Quebec plans to make private nursing agencies less attractive to keep workers in public sector
CBC
In Quebec's latest effort to retain nurses in the public sector, the province is expected to impose new measures that would make working in private nursing agencies less attractive.
Nurses have said the poor working conditions in the province's public health-care system have pushed them into the private sector, which offers better pay and more flexible hours.
But according to Radio-Canada, this week, the government plans to force private agencies to fill less favourable shifts, such as evening, overnight and weekend shifts — a move that's left some in the health-care system divided.

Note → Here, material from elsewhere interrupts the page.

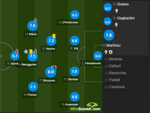 Megjithatë, lojtari më i vlerësuar i ndeshjes ishte mesfushori Marcelo Brozovic, i cili u notua me 8.0.

"It doesn't make sense that I have better working conditions than somebody employed by the public sector, but the solution for that isn't to take away those conditions which are actually keeping a lot of nurses in the profession," said Alex Magdzinski, a nurse in the province's private sector and vice-president of the Quebec Nurses' Association.
Magdzinski used to work in the public sector, but he left in November 2020 to work for a private nursing agency in Nunavik, in northern Quebec, due to the flexibility it offered.
He says instead of trying to make the private system less desirable, the government should be trying to make the public system better.
"Really looking at what can be done with scheduling and flexibility in the public sector is more what the government should be doing rather than trying to eliminate agencies from having that flexibility for their employees," he said.